In just under nine weeks, Mr. Trump will take control of a portfolio of public business between the United States and India, the world’s two largest democracies, supervising debates over issues including climate change, maritime shadowboxing with China and the nuclear standoff with Pakistan.
It’s just one example of how Trump’s web of business entanglements threatens to push, pull or twist American policy and international agreements. That includes the potential to support autocrats who are tearing down democracies.
Turkey is a nation in crisis, scarred by government crackdowns following a failed coup attempt and on a potential collision course with the West. It is also home to a valuable revenue stream for the president-elect’s business empire: Trump Towers Istanbul.
Donald Trump’s company has been paid up to $10 million by the tower’s developers since 2014 to affix the Trump name atop the luxury complex, whose owner, one of Turkey’s biggest oil and media conglomerates, has become an influential megaphone for the country’s increasingly repressive regime.
Trump has business deals and business partners not just in India and Turkey, but in Azerbaijan, UAE, Indonesia, Panama and many, many more.

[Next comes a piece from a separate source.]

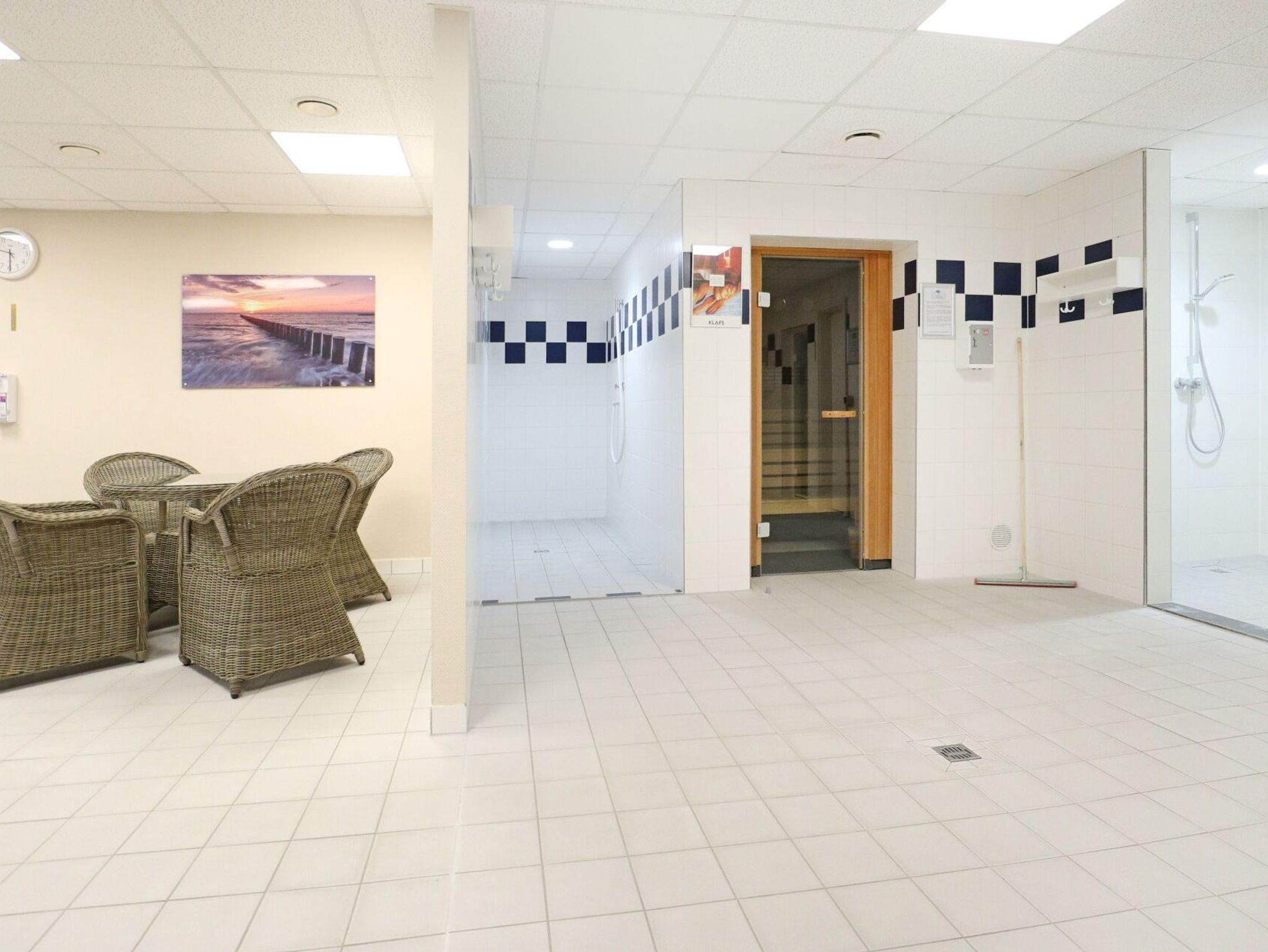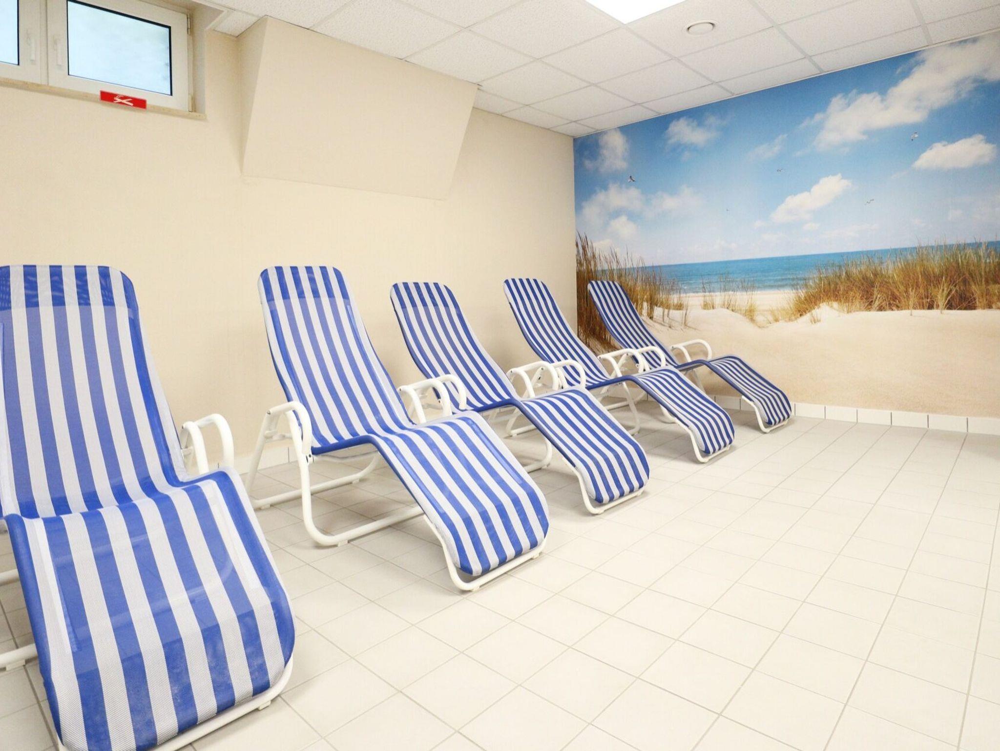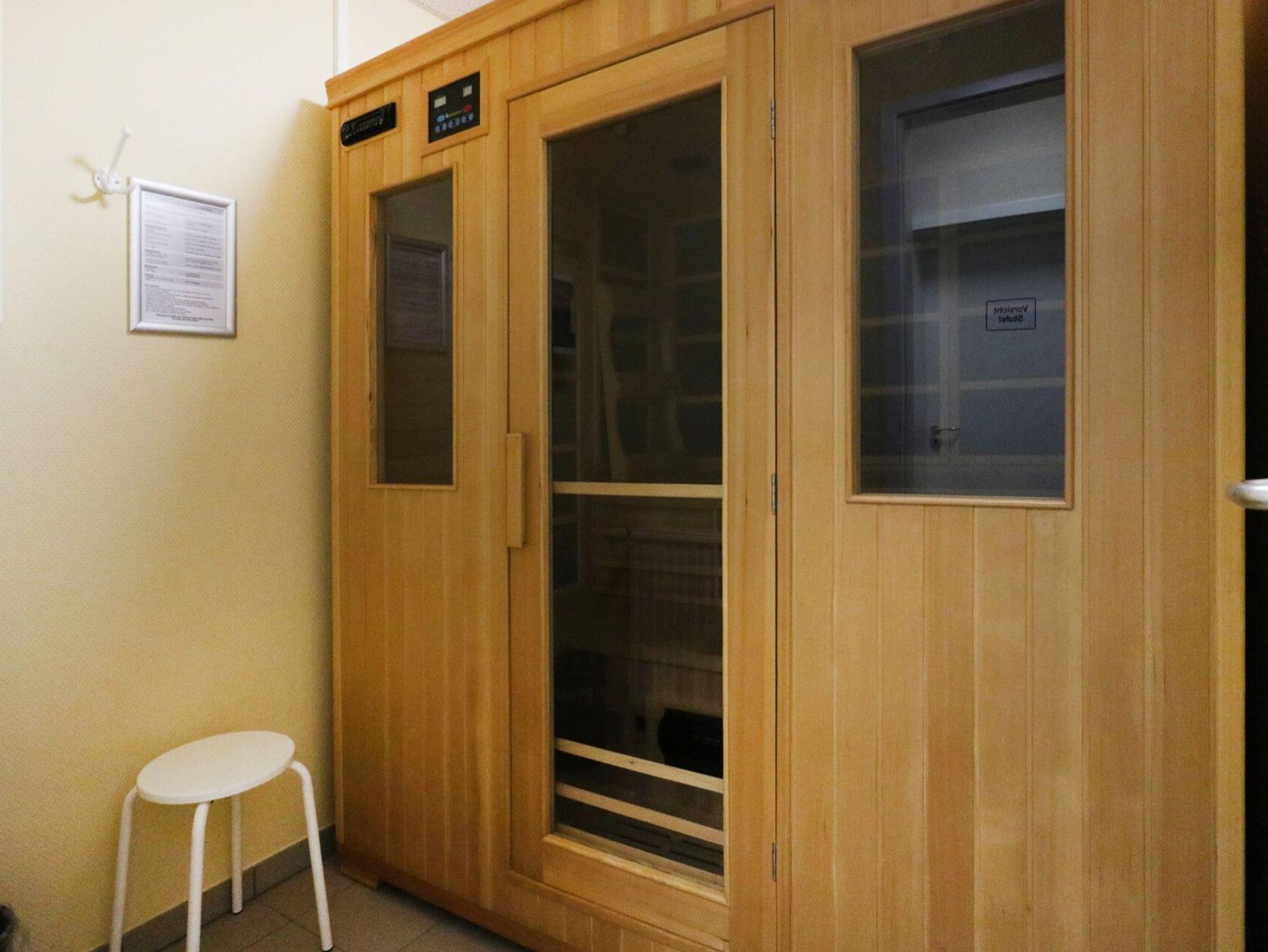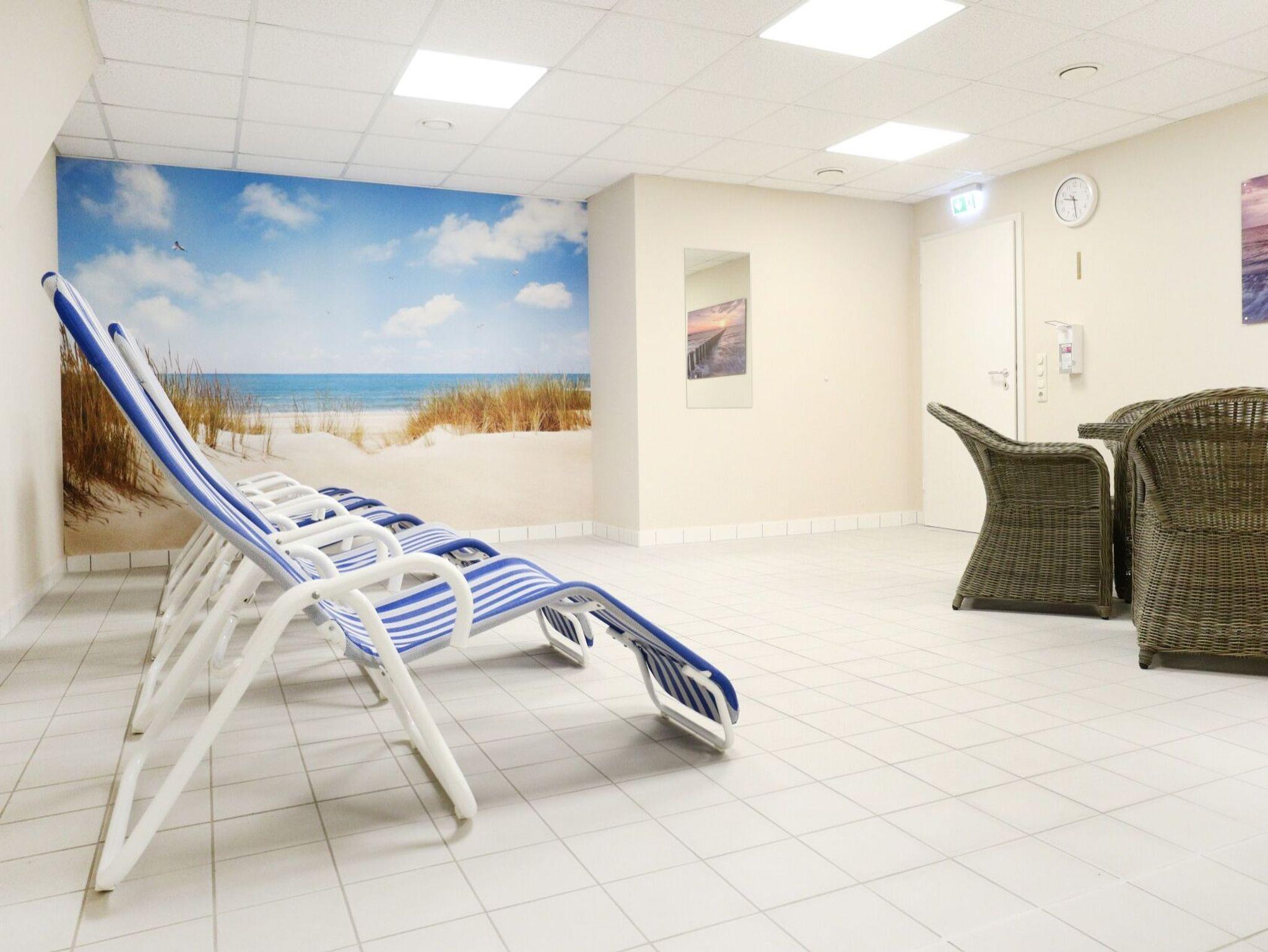 Ein reservierter PKW-Stellplatz befindet sich direkt vor dem Haus. Ganzjährig können Sie den geräumigen Fitnessraum nutzen. Im hauseigenen Wellnessbereich stehen gegen Gebühr eine Sauna und eine Infrarotkabine zur Verfügung. In dem Haus befinden sich Waschmaschine und Wäschetrockner mit Münzeinwurf.

Some companies reflect long-established deals while others were launched as recently as Trump’s campaign, including eight that appear tied to a potential hotel project in Saudi Arabia, the oil-rich Arab kingdom that Trump has said he “would want to protect.”
Previous America presidents have sought to project power as an instrument of national policy and, however misguided, many have attempted to use that power as a means of protecting nascent democracies and to push back against forces seen as representing both short and long-term dangers.
But for Donald Trump, the armed forces of the United States, the negotiating power of the State Department, and the leverage of the entire nation in international agreements, has just become available as a tool to drive revenue to his accounts.
Trump has refused calls to sell or give his business interests to an independent manager or “blind trust,” a long-held presidential tradition designed to combat conflicts of interest. Now, policy and ethics experts are scrambling to assess the potential dangers of public rule by a leader with a vast web of private business deals.
In addition to his investments, Trump has another huge international involvement: debts. He has loans from banks in China and South Korea.
Deutsche Bank, Trump’s biggest lender, is negotiating what could be a multibillion-dollar settlement over housing-crisis-era abuses with the Justice Department, whose leaders will be Trump appointees.
And that’s only the debts that we know about. It doesn’t include the sources of cash that are a little more hidden.
There is strong evidence that Trump’s businesses have received significant funding from Russian investors. Most notably, Trump’s son Donald Trump Jr. made that very claim at a real estate conference in New York in 2008, saying “Russians make up a pretty disproportionate cross-section of a lot of our assets.” Donald Trump Jr. added, “we see a lot of money pouring in from Russia.”
America faces the very real prospect that US forces might be ordered into a war—or to set one out—simply because of Trump’s bottom line.